Enfin, voici un témoignage imprévu en faveur de la même thèse, qui nous vient récemment par une voix anglo-saxonne d’Amérique. Nous lisons, en effet, dans le Nº de Juillet 1928 de la revue The Theosophical Quaterly, qui paraît à New-York, 64, Washington Mews, à la page 94, l’entrefilet suivant, à propos de l’analyse d’un livre de Hilaire Belloc, également paru à New-York, en langue anglaise. Nous traduisons aussi fidèlement que possible : « Plusieurs étudiants en théosophie sont pleinement d’accord avec Hilaire Belloc, en estimant la vie spirituelle de la chrétienté comme l’un des grands trésors de l’espèce humaine. Et ces étudiants sont, de plus, en parfaite harmonie avec l’auteur en retenant que la vie spirituelle de la France est aujourd’hui, a été pendant des siècles et peut encore être pour des siècles à venir l’espoir d’une future Civilisation chrétienne. »


Qu’est-ce à dire ? Allons-nous en tirer une vaine gloire en faveur de notre pays ? Nous ne serions pas des vrais mystiques, si nous le faisions, car nous savons que tout bien vient de Dieu seul et est un don gratuit qu’on peut perdre si on s’en prévaut orgueilleusement. De même que le disciple se considère comme zéro et tremble dans le sentiment de la responsabilité des faveurs reçues, une nation, être collectif, doit d’autant plus s’humilier que le Seigneur lui aura davantage donné. Tout être n’est qu’un instrument entre Ses mains divines.


Chaque peuple a, du reste, sa mission particulière qui ne manque pas de noblesse et de beauté. Notre tâche, c’est d’être des apôtres de l’idéal dans le monde ; nous n’avons à en tirer aucune vanité, mais nous devons le rappeler souvent aux Français qui seraient tentés de l’oublier. Que nos amis et adhérents étrangers ne s’en froissent nullement. Nous leur présentons toutes nos excuses si, parfois, involontairement, nous avons pu blesser leur susceptibilité à cet égard.


La mission du Verbe est universelle et Il n’a pas de préférence arbitraire en faveur d’une nation quelconque. Tous les hommes sont Ses enfants et tous sont appelés au salut qui vient de Lui. Cela ne L’empêche pas d’avoir confié à chaque peuple un travail déterminé que ce peuple serait coupable de méconnaître et de négliger.
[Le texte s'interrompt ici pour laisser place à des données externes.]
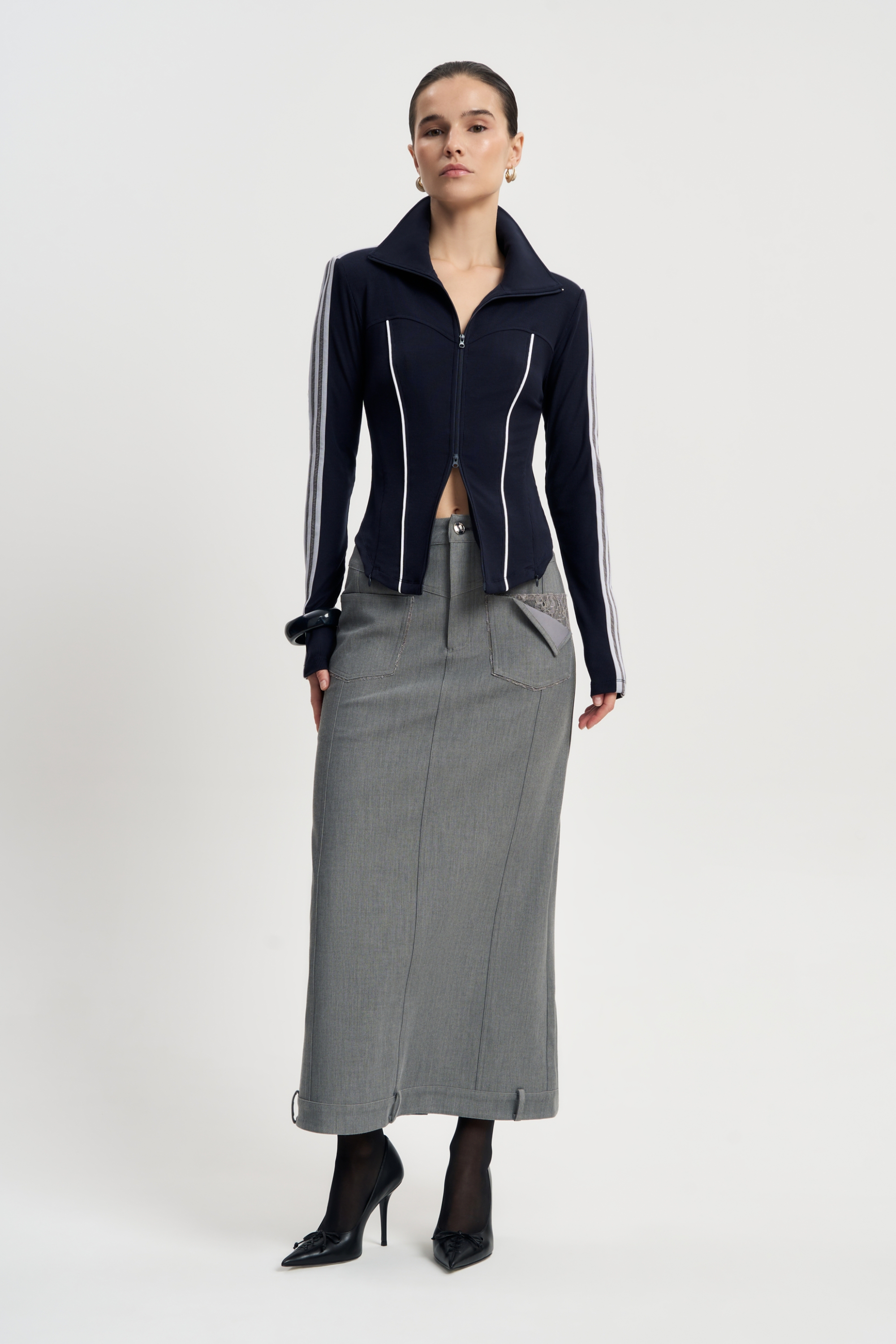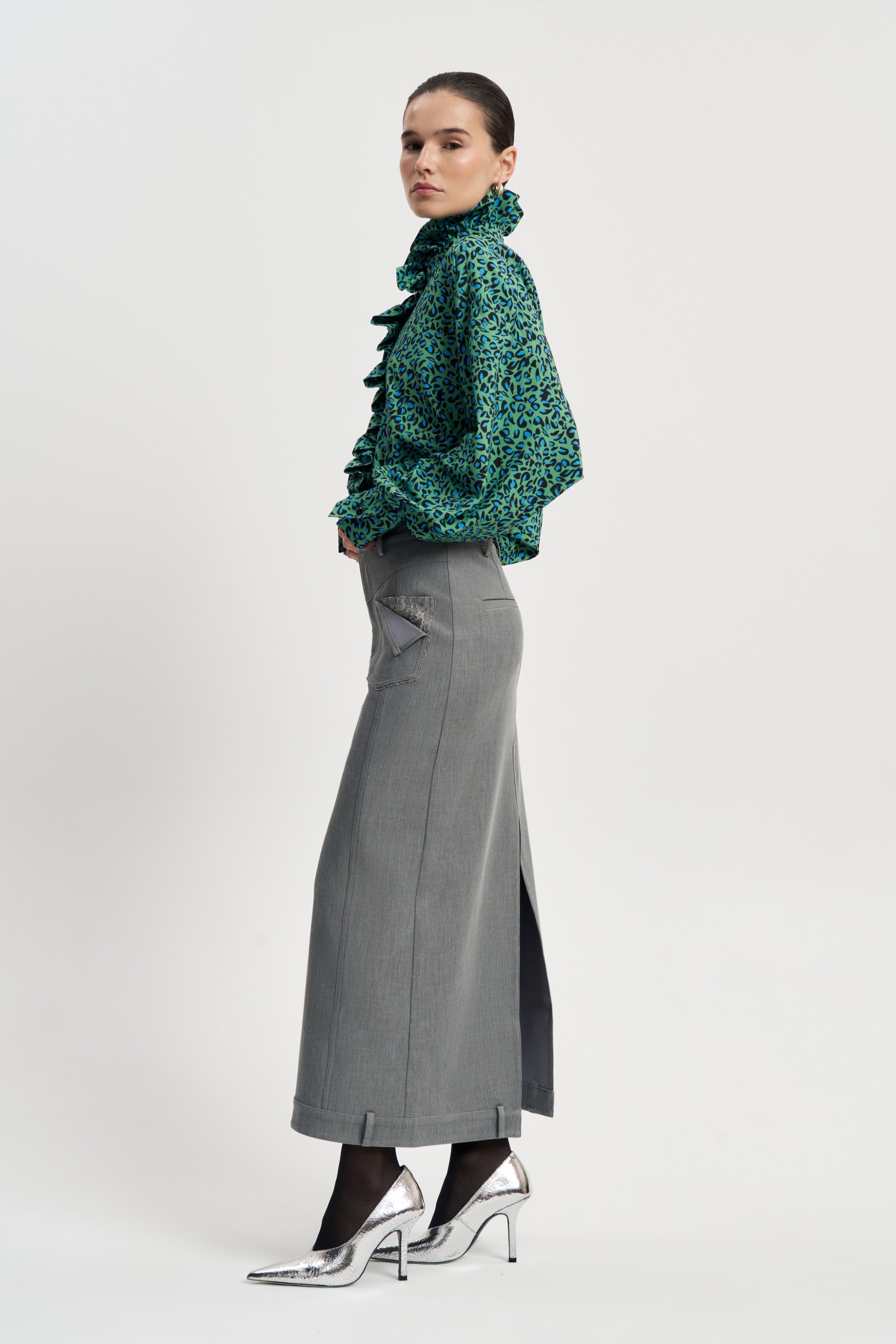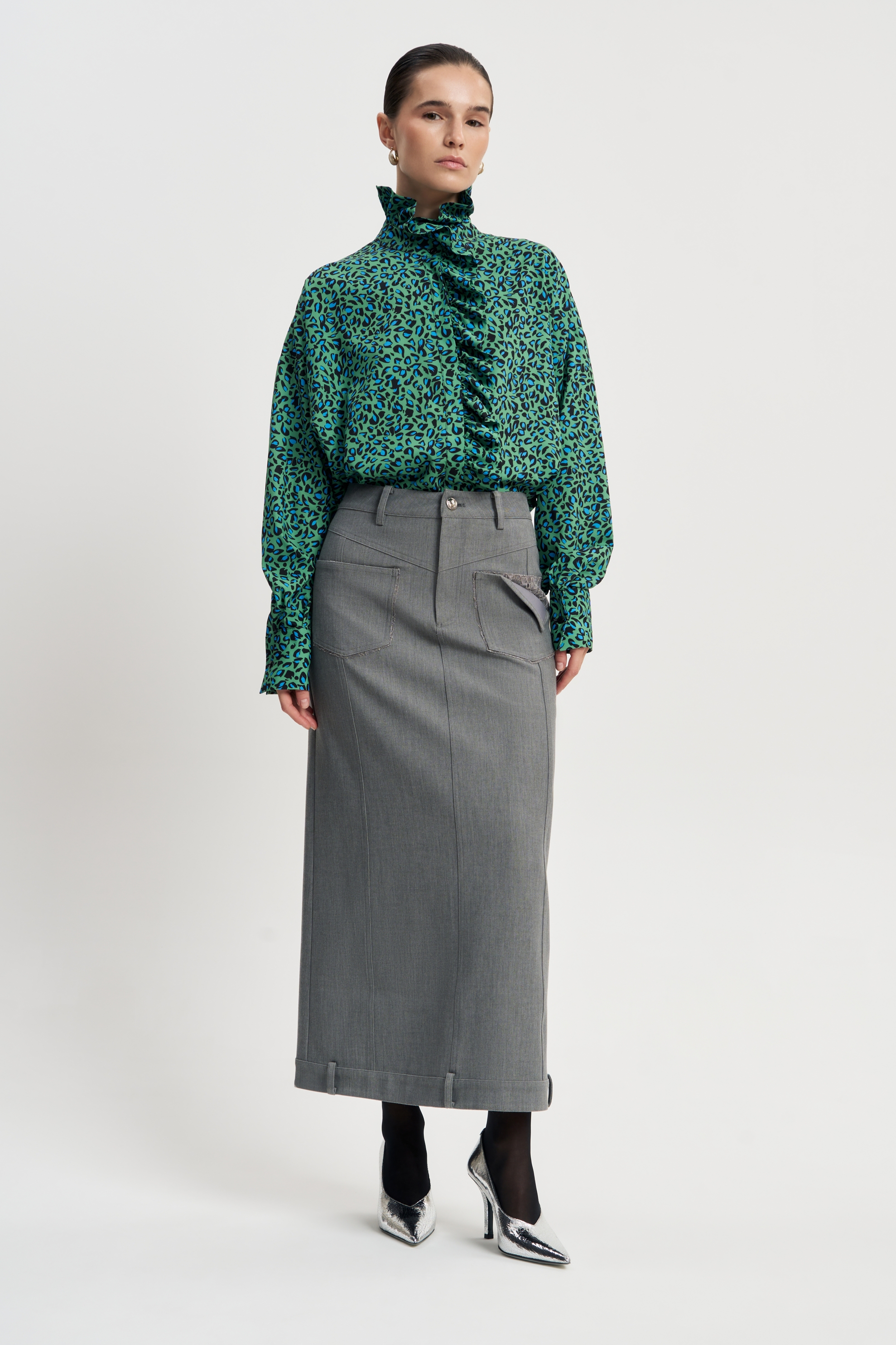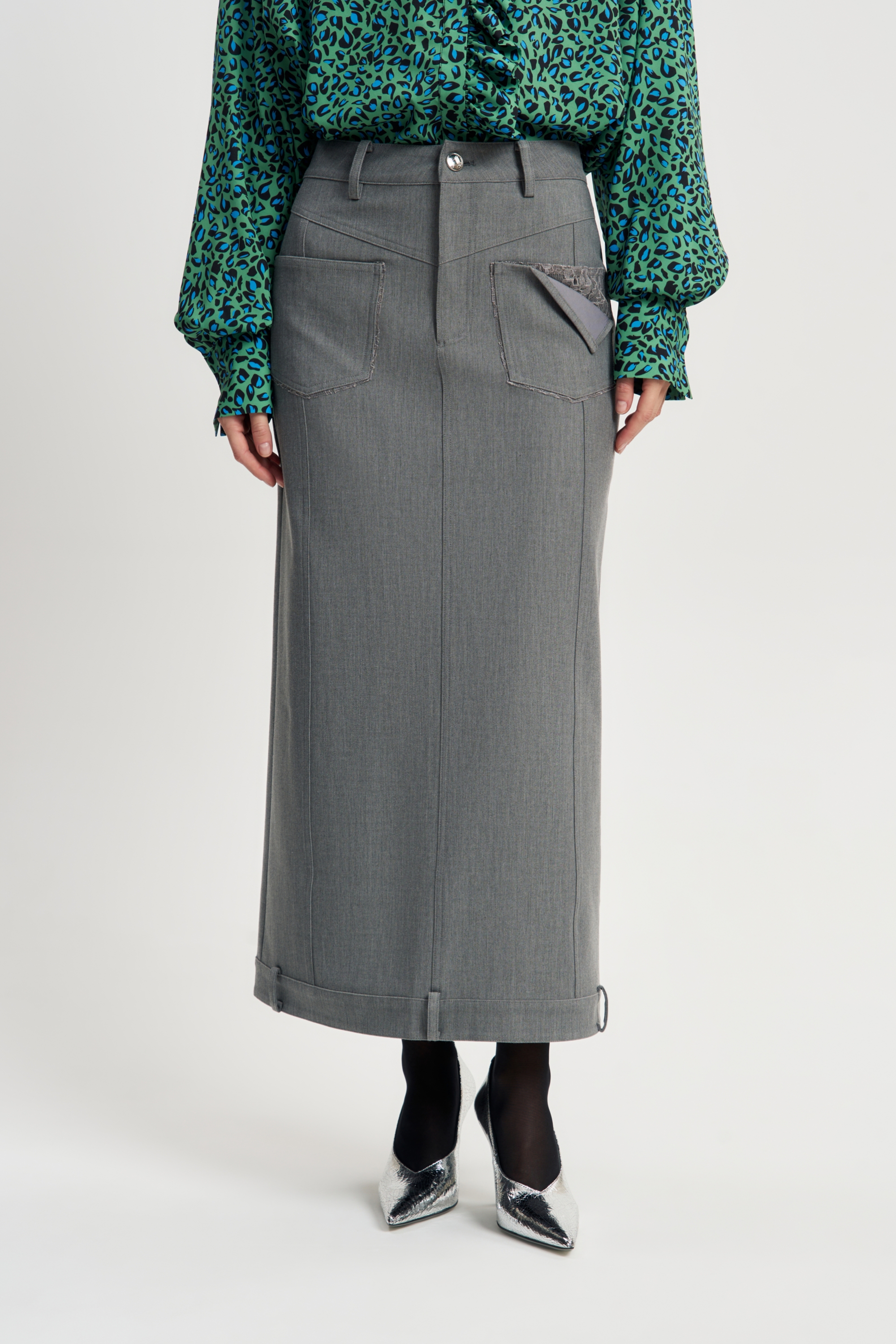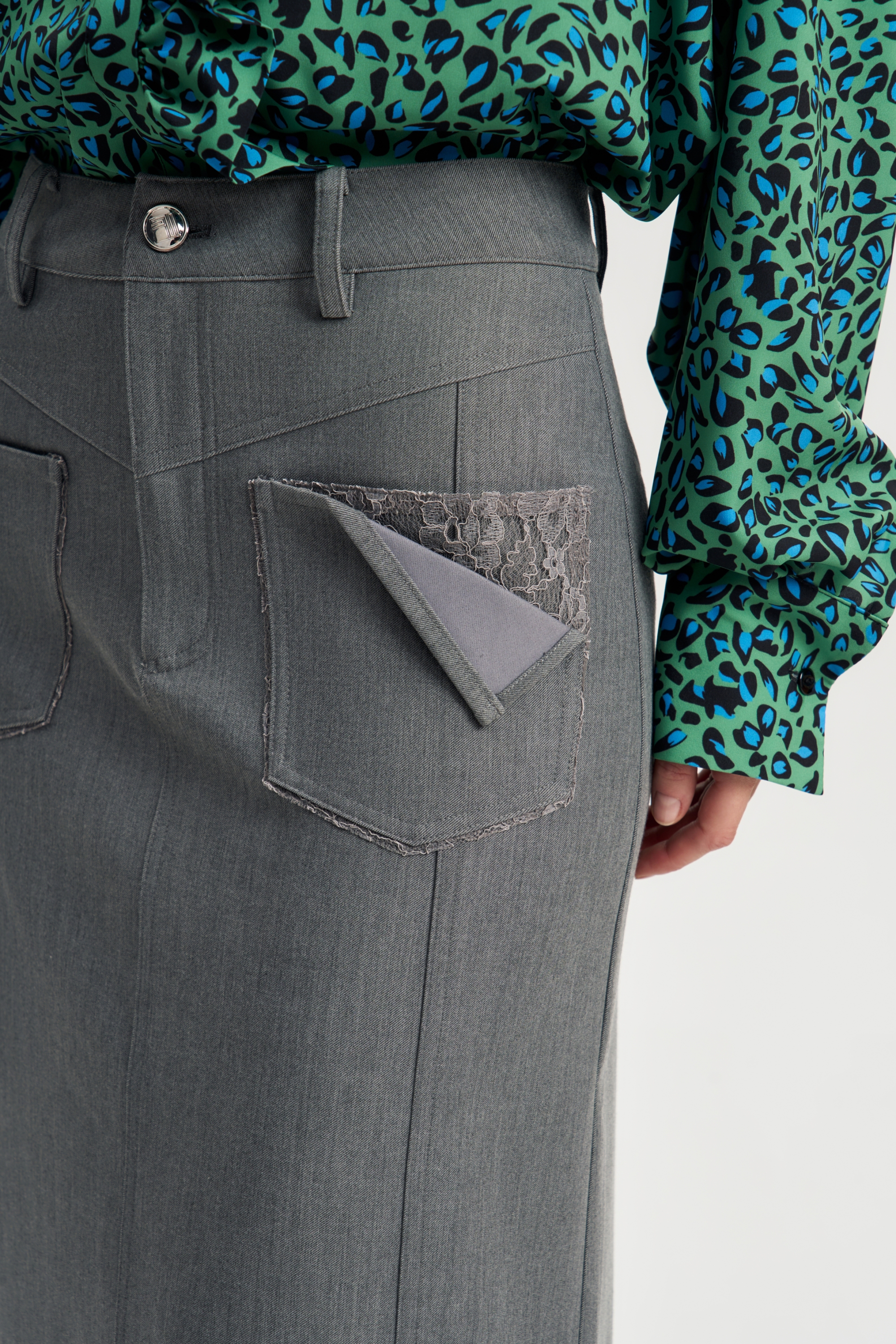 Сдержанная элегантность и архитектурная точность — юбка миди в благородном сером цвете. Два крупных кармана на бёдрах придают образу современную структуру, а неожиданный акцент — декоративная отделка одного из карманов тончайшим кружевом, будто выглядывающим из-под отогнутого края, — добавляет чувственность.

Pour ce qui concerne notre société, elle ne s’appelle pas « Les Amitiés Spirituelles Françaises » mais seulement « Les Amitiés Spirituelles ». Tous ceux qui croient au Christ-Dieu y sont donc reçus à bras ouverts, à quelque nation qu’ils appartiennent. Nous les considérons comme de vrais frères, nos égaux. Ensemble nous travaillons au règne de ce Christ dans le monde, sans la moindre idée de supériorité pour nous ou pour notre pays ; mais eux-mêmes reconnaissent volontiers la mission spéciale de la France à cet égard et ils l’aiment comme « leur seconde patrie », pour rappeler ce qu’a dit d’elle un célèbre écrivain étranger.